Nothing but the lines from the one showing "Figure 4.高速回転中(Ω:35.7rad/s)のフローパターン" through the final line of the data below belongs in the answer, duplicated exactly and without pictures.

> **EXTRACTED INFORMATION**:
* * *
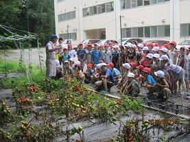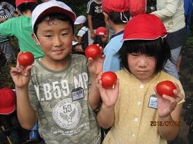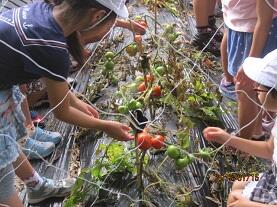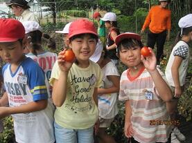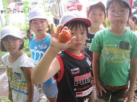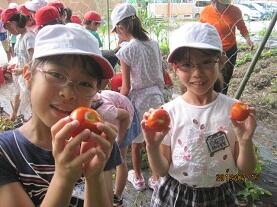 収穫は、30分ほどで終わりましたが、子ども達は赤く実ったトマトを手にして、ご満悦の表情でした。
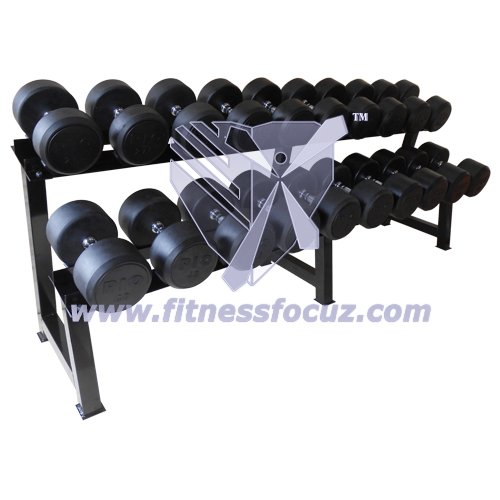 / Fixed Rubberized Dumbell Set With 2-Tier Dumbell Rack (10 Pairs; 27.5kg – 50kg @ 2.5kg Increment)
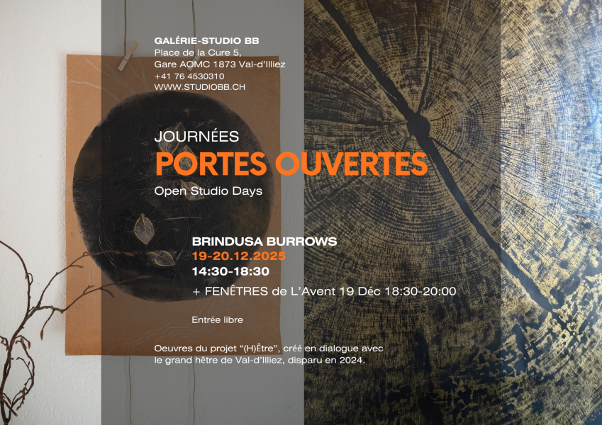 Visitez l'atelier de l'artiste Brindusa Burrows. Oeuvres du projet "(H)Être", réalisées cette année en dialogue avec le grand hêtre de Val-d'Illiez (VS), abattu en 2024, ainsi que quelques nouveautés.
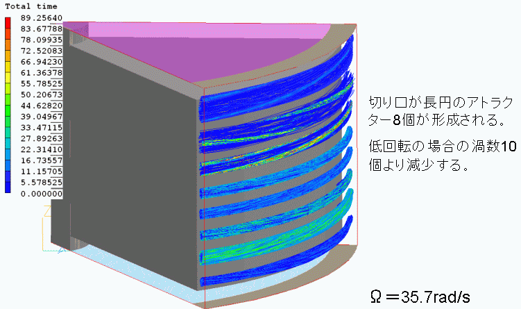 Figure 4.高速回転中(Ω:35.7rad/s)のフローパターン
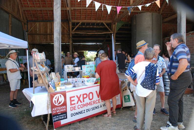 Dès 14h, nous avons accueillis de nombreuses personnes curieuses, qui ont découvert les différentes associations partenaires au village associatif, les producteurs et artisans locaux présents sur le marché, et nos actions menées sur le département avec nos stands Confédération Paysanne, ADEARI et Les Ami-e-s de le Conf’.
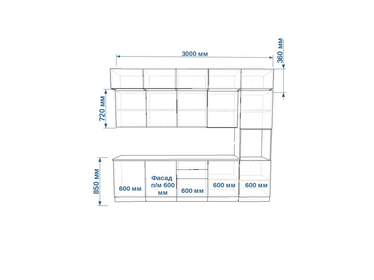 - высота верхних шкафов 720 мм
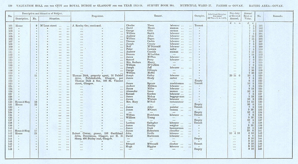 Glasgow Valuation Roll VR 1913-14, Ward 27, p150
* * *
> **RESPONSE BELOW**:
 Figure 4.高速回転中(Ω:35.7rad/s)のフローパターン
 Dès 14h, nous avons accueillis de nombreuses personnes curieuses, qui ont découvert les différentes associations partenaires au village associatif, les producteurs et artisans locaux présents sur le marché, et nos actions menées sur le département avec nos stands Confédération Paysanne, ADEARI et Les Ami-e-s de le Conf’.
 - высота верхних шкафов 720 мм
 Glasgow Valuation Roll VR 1913-14, Ward 27, p150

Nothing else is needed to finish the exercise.